第43話 フラスコ
イロハとフラムが買い物をしている頃、ジョシュアはとある家の中にいた。
豪邸だ。与えられた土地を全部活かしている。レンガ造りで、ファンシーな装飾があちこちになされている。その外観から、この家を作った生徒の錬金術師としての力量が窺える。

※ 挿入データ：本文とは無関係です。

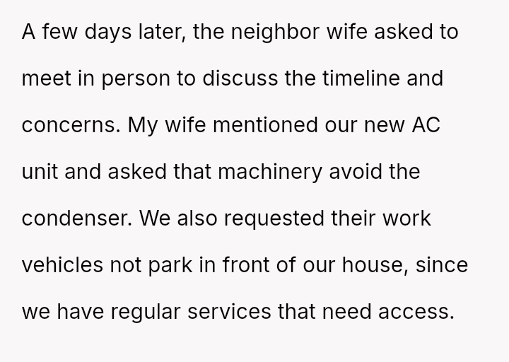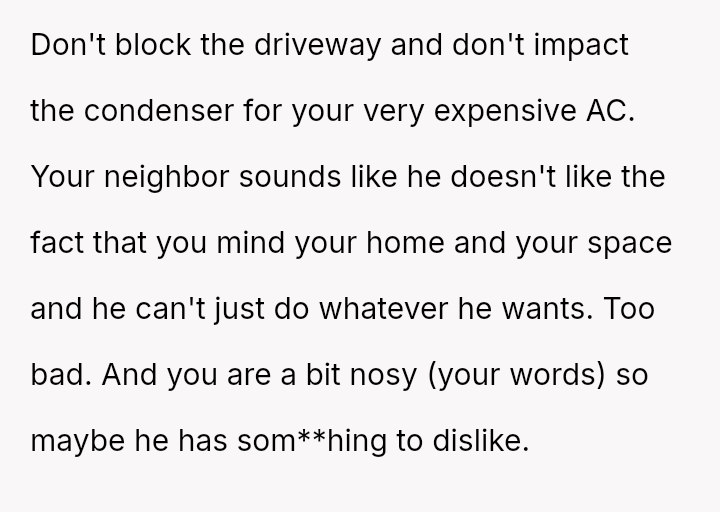 The presence of new machinery near a costly AC unit, the careful watchfulness captured by an old camera, and the subtle negotiations over parking hinted at the deeper tensions that simmer when personal investments meet the unpredictable rhythms of suburban life.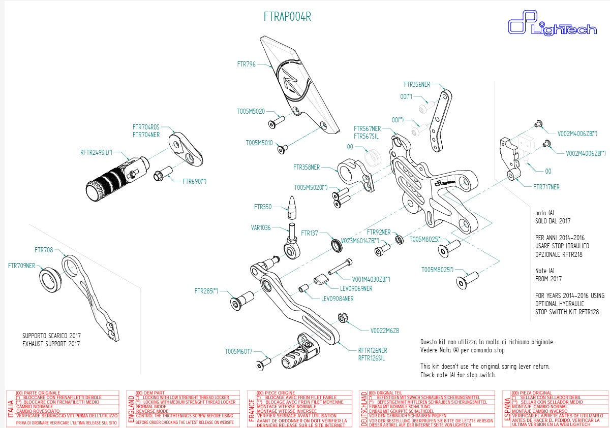 Fußrastenanlage R LighTech Aprilia RSV4/Factory/R/RR/RF (09-16) FTRAP004R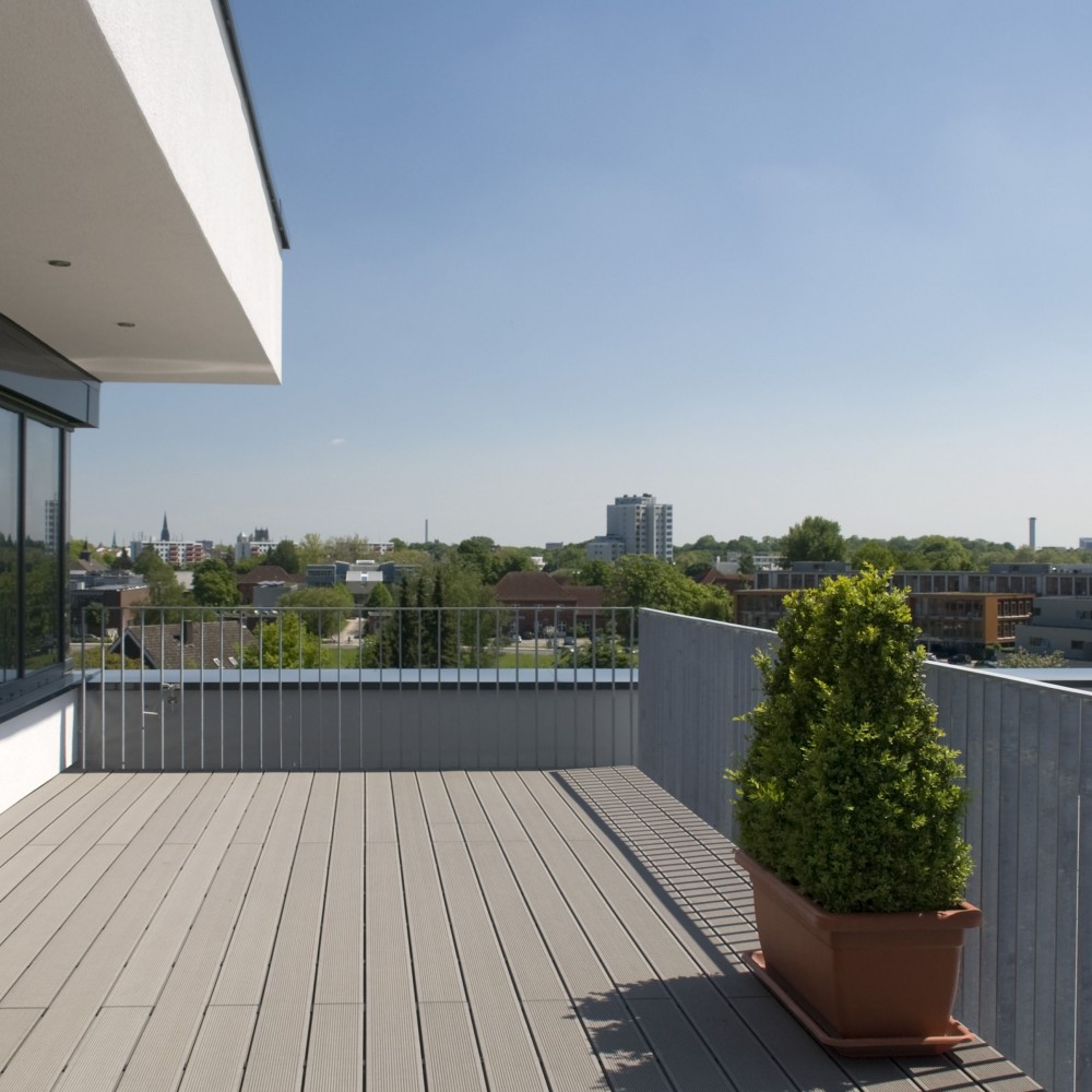 Trotzdem hat der schnörkellose Bau einige Besonderheiten zu bieten, zum Beispiel das oberste Staffelgeschoss, das den Konferenzbereich beherbergt. Hier findet sich auch eine Dachterrasse, die einen guten Rundumblick bietet. Die breite nördliche Fensterfront in Richtung Steinfurter Straße kann für Ankündigungen medial genutzt werden. Besonderes Augenmerk richteten wir auch auf die flexible Innenraumgestaltung. Dank der Leichtbauweise ohne tragende Innenwände können alle Büros variabel umgestaltet und auch vergrößert oder verkleinert werden. Dieser veränderbare Grundriss macht das Gebäude auch bei einem Mieterwechsel interessant.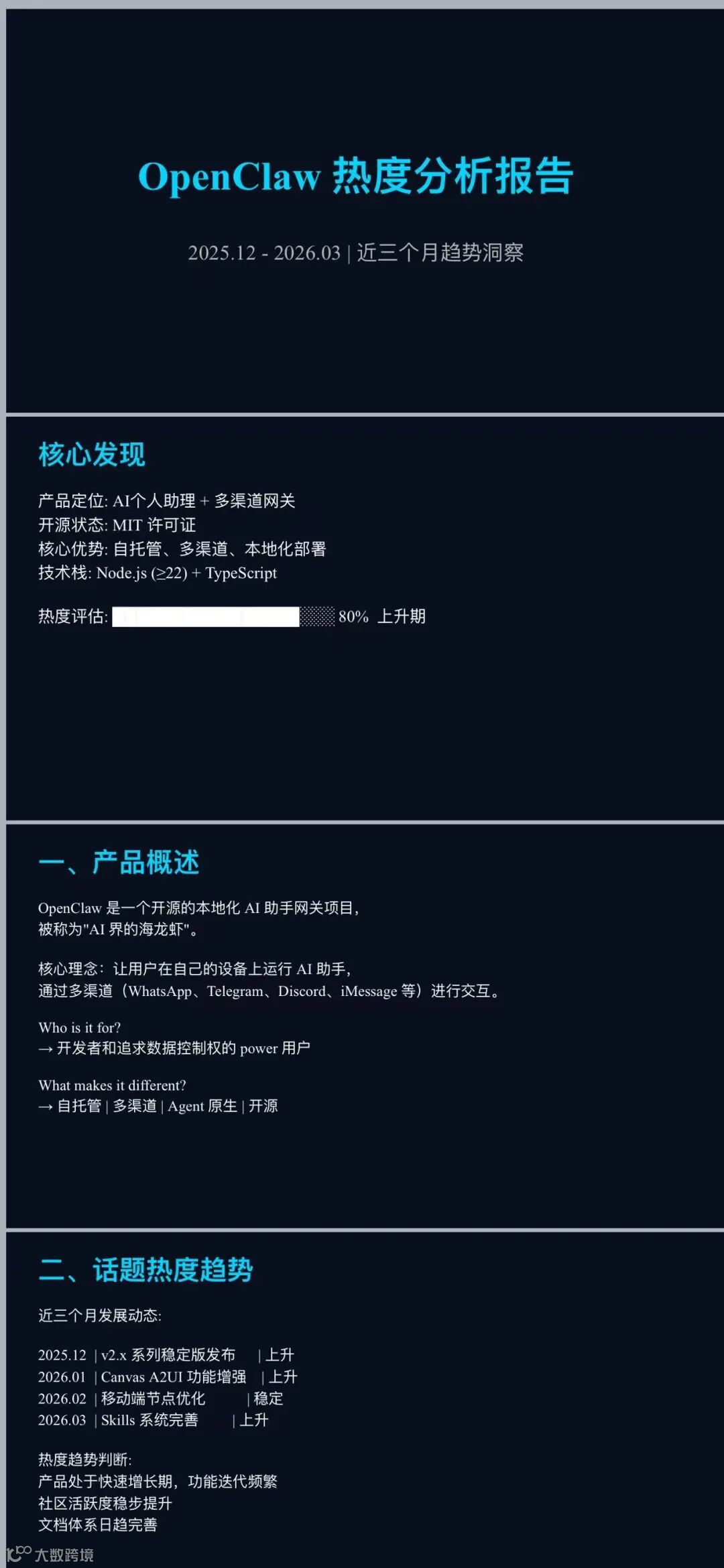 生成一份近三个月OpenClaw热度分析报告,包含话题热度趋势、国内外相关产品、用户讨论关键词,以及整体趋势总结与判断,科技感视觉效果、偏调研分析风格。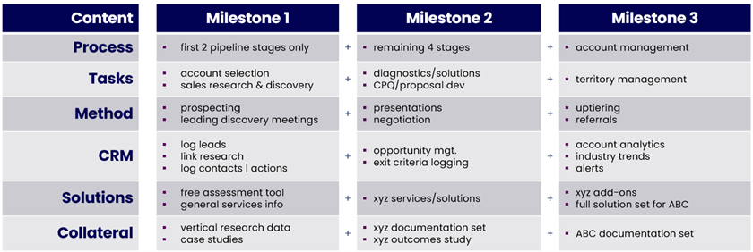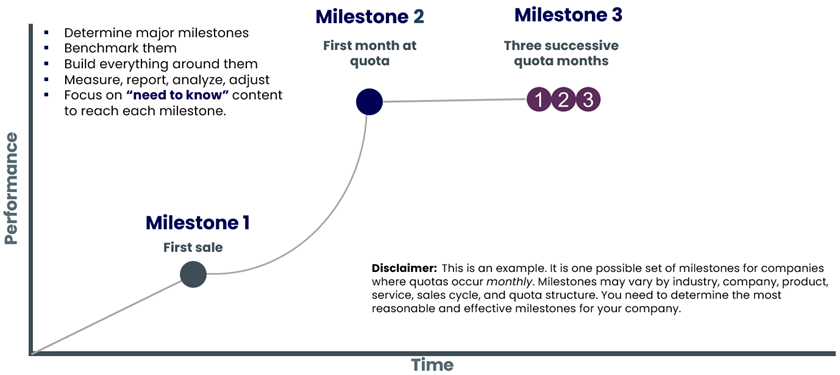 For shorter sales cycles, common examples include the first sale, first month at quota, and three successive months at quota. For longer cycles, expand the count and interval. Track leading and lagging indicators for both learning and selling on the way to each milestone.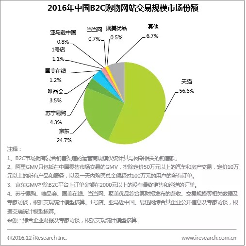 市场份额:B2C市场天猫、京东继续保持优势,其他典型企业竞争激烈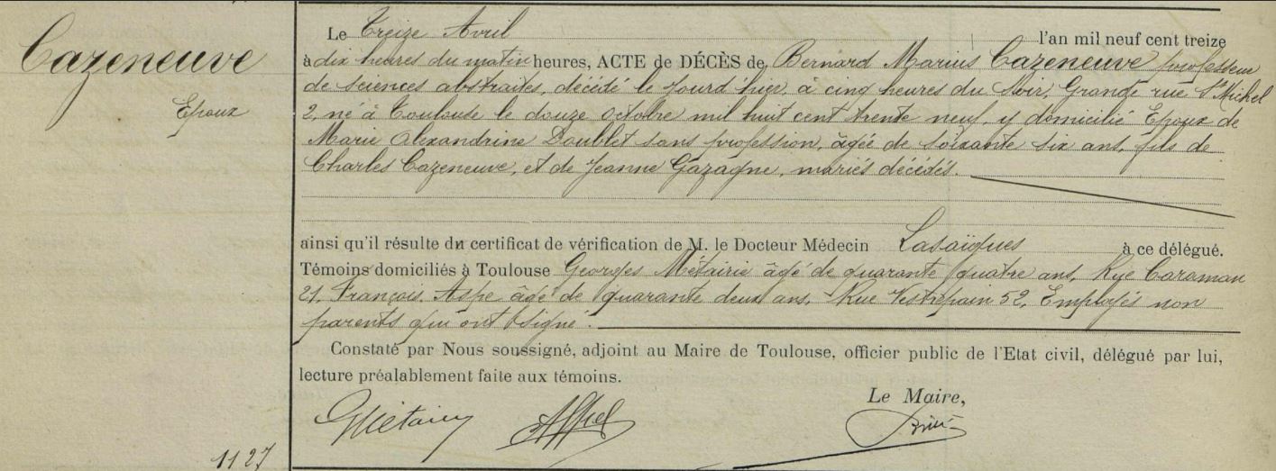 7. Acte de décès de Marius Cazeneuve (AM de Toulouse,1E673 vue 143/273)

ジョシュアはリビングで豪奢な椅子に座っている。テーブルを挟んで反対側にはピンク色の髪で、赤い瞳の女子生徒が座っている。ヴィヴィやフラムに負けず劣らずの美少女だ。
「報告は以上だ」
ジョシュアは手に持った資料をテーブルに投げる。
「ご苦労様。ジョシュア」
「本当に疲れたぜ。まさかあそこまでヴィヴィがお転婆娘だったとはな」
「学校に潜入した“
「わかってるよ、ユリア嬢」
ユリアと呼ばれた少女はジョシュアより渡された資料に目を通す。
「イロハ=シロガネ……色彩能力者の錬金術師、ですか。あなたの報告だと戦闘力はほぼ皆無、なのに警戒度が高いのはなぜですか?」
「アイツの色彩能力は思ってた以上に厄介だ。アレに“虹の筆”が組み合わさるとさらにやばい。アイツがこれからもヴィヴィの味方をするなら、面倒なことこの上ないぜ」
「やけに高く評価しているのですね」
「……間近で見ればわかる。できればアイツが敵になるのは避けたいな」
「そうなると……どうにかして彼をヴィヴィから引き離す必要がある」
「ああ。どうすりゃいいかね?」
「彼がヴィヴィに固執する理由はなんなのですか?」
「さぁな。アイツが何を考えているか正直わからん」
ジョシュアはそう言って、小さく目を細めた。
「フラム=セイラ―については警戒度が低いですね。わたくしとしては、彼女の能力こそ恐ろしいと思いますけど」
「性格は至って普通の女の子だ。警戒する必要はない」
「そうですか。あとはコノハ=シロガネ……彼はやはり、警戒度が高いですね」
イロハの警戒度がB、フラムがEときて、コノハはAランクの警戒度になっている。
「錬金術の腕はもちろん、アイツの立ち振る舞いには一切隙がなかった。ありゃ武術の心得があるな。あと隣に居たメイド……あの女は多分ホムンクルスだ。首に“23044”と識別番号みたいなのが見えた。常にコノハの死角を警戒していて、2人が揃うとマジで隙がねぇ」
「でも、別に彼はヴィヴィの味方というわけではないのでしょう?」
「まぁな。だけど、ヴィヴィのことは気に入っている様子だったぜ。あくまで、俺たち4人の中ではの話だけどな」
ジョシュアは報告を終えたところで立ち上がる。
「それじゃそろそろ失礼するよユリア嬢。このあとパーティーがあるんでな」
立ち去ろうとするジョシュアの背中を、ユリアは怪訝な目で見る。
「ジョシュア。くれぐれも、我々の目的をお忘れなきよう」
ジョシュアは足を止める。
「必ずやグランデ伯爵はヴィヴィと接触する。いずれ、必ず。我々の目的はそのタイミングを逃さず、グランデ伯爵を――」
「わかってるよ」
ジョシュアは再び歩み始める。
「グランデ親子は――俺が殺す」
そう言い残し、ジョシュアは家を出た。
「……彼の憎しみも、根深いものですね」
くすりと笑い、ユリアは手元の資料――イロハの資料を手に取る。
「イロハ=シロガネ。あらゆる色を判別できる目を持つ出生不明の謎の少年。彼の存在が、わたくしたちの利として働くか、それとも――」
ユリアは不敵な笑みと共に、イロハの資料を破り捨てた。